Required work -
Take the lines from the one with "Rodzaj zegarka: DamskiPasek" through the end of the material below and repeat them exactly, dropping every picture.

Stored data -
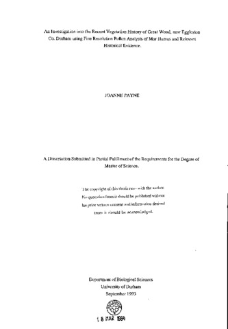 An investigation into the recent vegetation history of Great Wood, near Eggleston Co. Durham using fine resolution pollen analysis of Mor humus and relevant historical evidence.
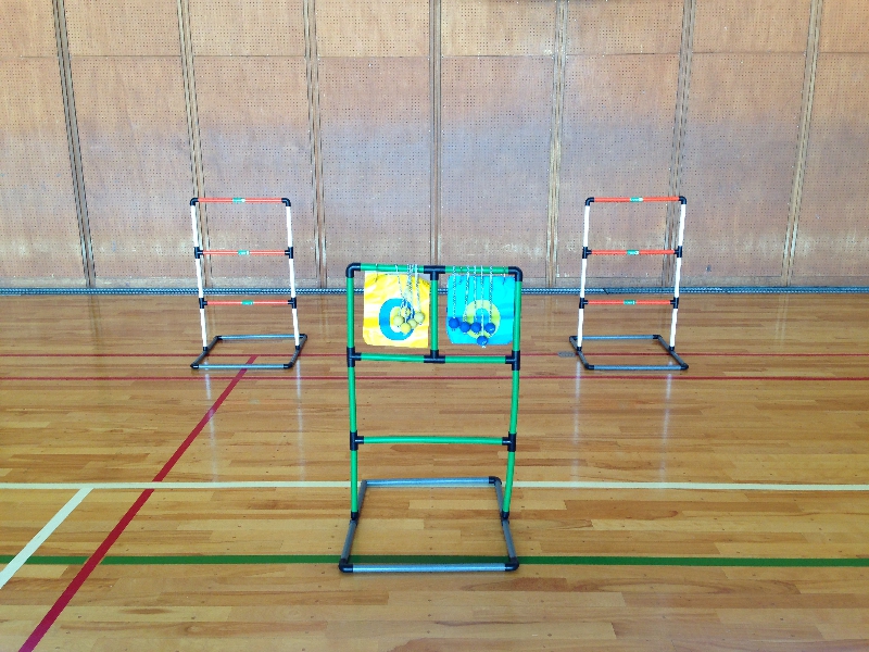 屋外用5セット 室内用2セット両チーム5個ずつクッブ(角材)を自陣に並べ、丸棒を投げて相手陣地のクッブを倒していくスポーツです
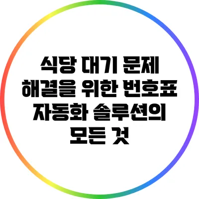 대를 걸쳐 식당 대기 문제를 해결하는 가장 효과적인 방법은 번호표 자동화 솔루션을 도입하는 것입니다. 이를 통해 대기 시간을 줄이고, 고객의 만족도를 높일 수 있습니다. 식당 운영에 있어 고객의 경험을 중심에 두는 것이 지금은 필수적입니다.
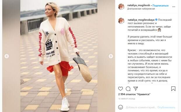 «Я хотела акцентировать внимание на этом, и как же глупо, находясь в таких условиях, продолжать направлять внимание во внешний мир, пересматривая бездумно сериалы, телевизионные передачи, читая пусть даже самые прекрасные глубокие книги о чужой судьбе, когда сама Планета тебе говорит - обрати внимание на себя!», - написала певица. Она также поделилась своими фото, на которых прогуливается по набережной Днепра в весеннем образе. На ней был длинный кардиган цвета слоновой кости и красная юбка из легкой ткани, которая из-за ветра слегка задралась вверх, обнажая ноги звезды. «Вторая фото для тех, кто любит ножки и для умниц, что дочитывает текст до конца», - добавила в своем посте Могилевская. Ее поклонники тут же принялись комментировать пост. «Очаровательные ножки», «Наталья восхищаюсь вами, для меня вы и красавица и умница. Всех благ вам!», «Шикарно выглядите», «Наташа, так хорошо выглядите», «Красотка, а ножки и правда мы любим, они шикарные у вас», - пишут люди. Напомним, 45-летняя Могилевская в платье с эффектным вырезом показала, как нужно кайфовать от жизни. Как сообщала Politeka, Могилевская упрекнула украинцев-бездельников, рассказав, как впахивает и все успевает: «Мне не интересны…». Также Politeka писала, что Могилевская вызвала бурю эмоций, трогательно обратившись к украинцам: "Держитесь, Натали...".
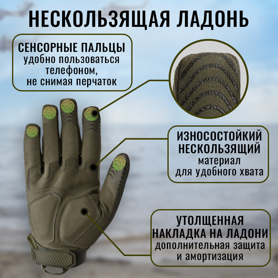 Перчатки тактические мужские Armsport, защитного цвета, М
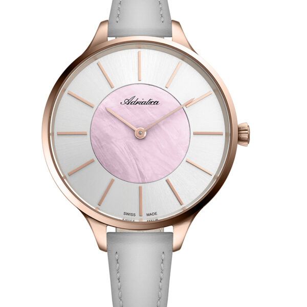 Rodzaj zegarka: DamskiPasek / bransoleta: PasekMechanizm: KwarcowyFunkcje: BrakKształt koperty: OkrągłaKolor tarczy: RóżowyKolor paska: SzaryKolor koperty: Różowe złotoOpis tarczy: IndeksyMateriał wykonania: Stal szlachetnaWodoszczelność: 3 ATMSzkło: MineralneKamienie: Bez kamieni
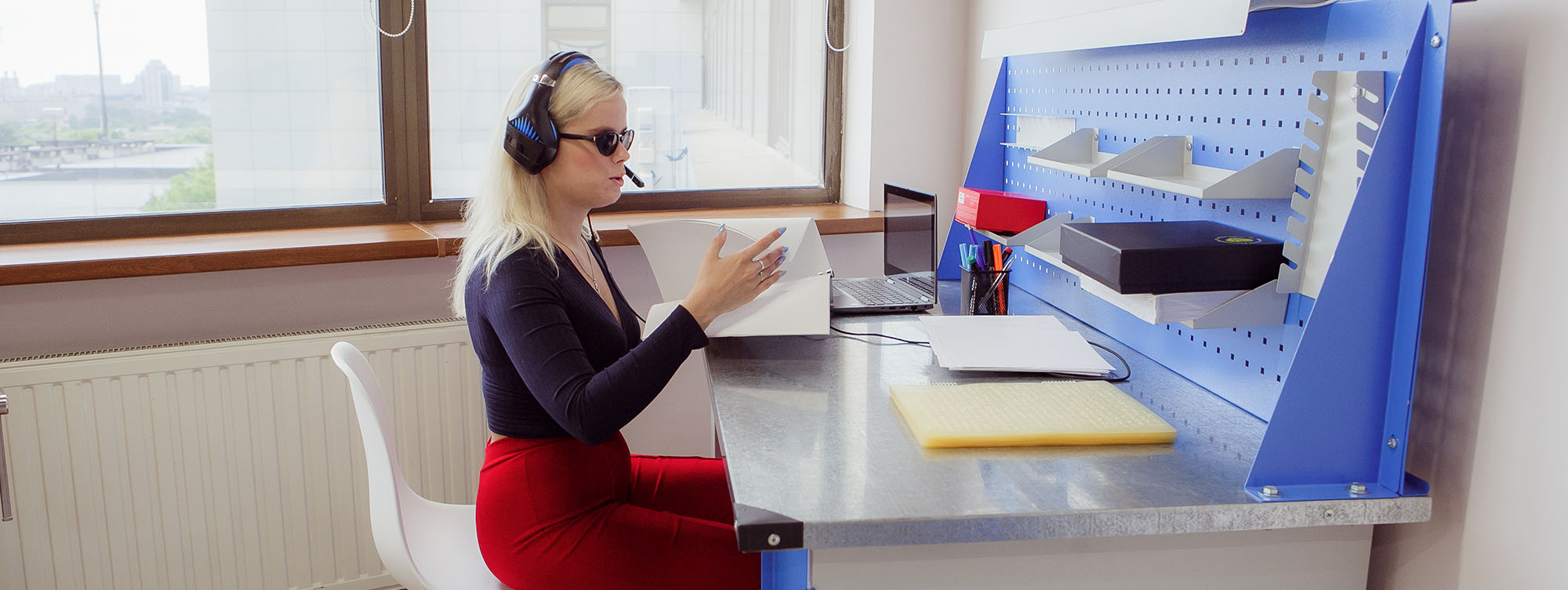 Тифлокомментарий: цветная фотография. Тот же офис. У большого окна сидит молодой человек в белой рубашке с коротким рукавом и красном галстуке с цветочным узором. На его голове гарнитура: массивные наушники с микрофоном, на глазах очки в тонкой оправе. Мужчина держит перед собой тетрадь на пружине. Перед ним на столе стоит открытый ноутбук, принтер, ручки и карандаши в подставках.
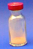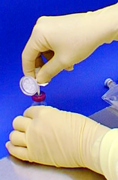The vial is opened, wiped with a sterile alcohol pad, the spike cover removed and the dispensing pin is inserted into the chemo vial.
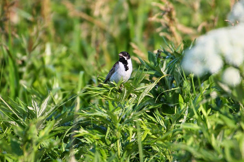 エゾニュウだかオオハナウドだかの枝に留まる夏羽のオオジュリン雄。
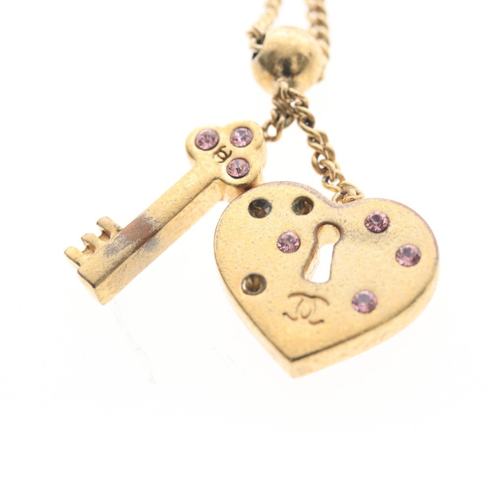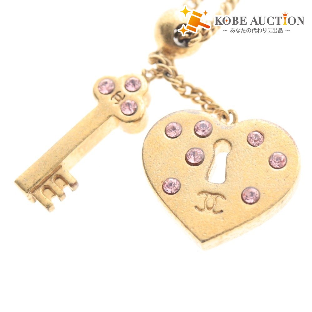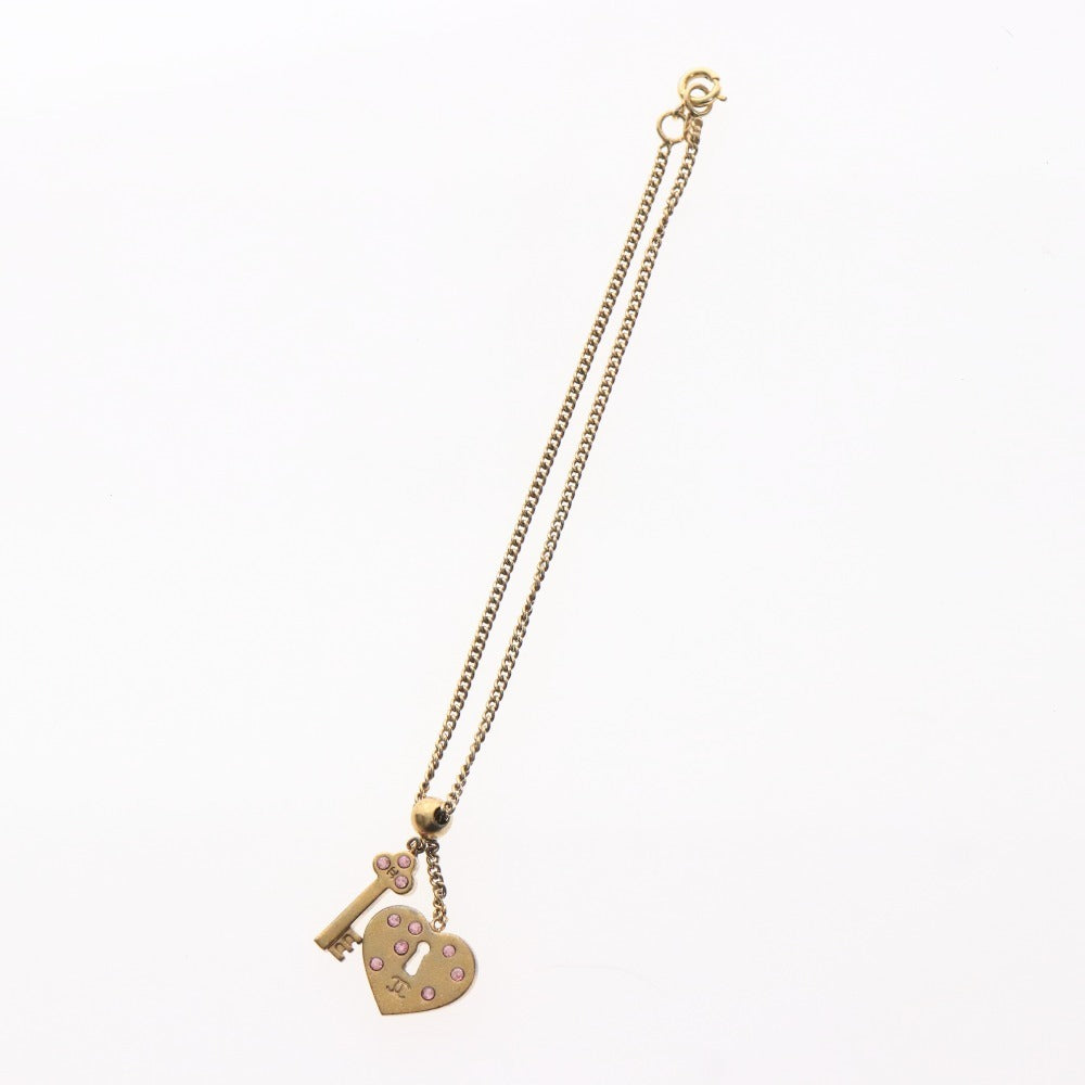 シャネル ブレスレット アクセサリー 02P ココマーク ハート キー 鍵 ラインストーン イタリア製 重量7g ゴールド

Written reply -
 Rodzaj zegarka: DamskiPasek / bransoleta: PasekMechanizm: KwarcowyFunkcje: BrakKształt koperty: OkrągłaKolor tarczy: RóżowyKolor paska: SzaryKolor koperty: Różowe złotoOpis tarczy: IndeksyMateriał wykonania: Stal szlachetnaWodoszczelność: 3 ATMSzkło: MineralneKamienie: Bez kamieni
 Тифлокомментарий: цветная фотография. Тот же офис. У большого окна сидит молодой человек в белой рубашке с коротким рукавом и красном галстуке с цветочным узором. На его голове гарнитура: массивные наушники с микрофоном, на глазах очки в тонкой оправе. Мужчина держит перед собой тетрадь на пружине. Перед ним на столе стоит открытый ноутбук, принтер, ручки и карандаши в подставках.
The vial is opened, wiped with a sterile alcohol pad, the spike cover removed and the dispensing pin is inserted into the chemo vial.
 エゾニュウだかオオハナウドだかの枝に留まる夏羽のオオジュリン雄。
 シャネル ブレスレット アクセサリー 02P ココマーク ハート キー 鍵 ラインストーン イタリア製 重量7g ゴールド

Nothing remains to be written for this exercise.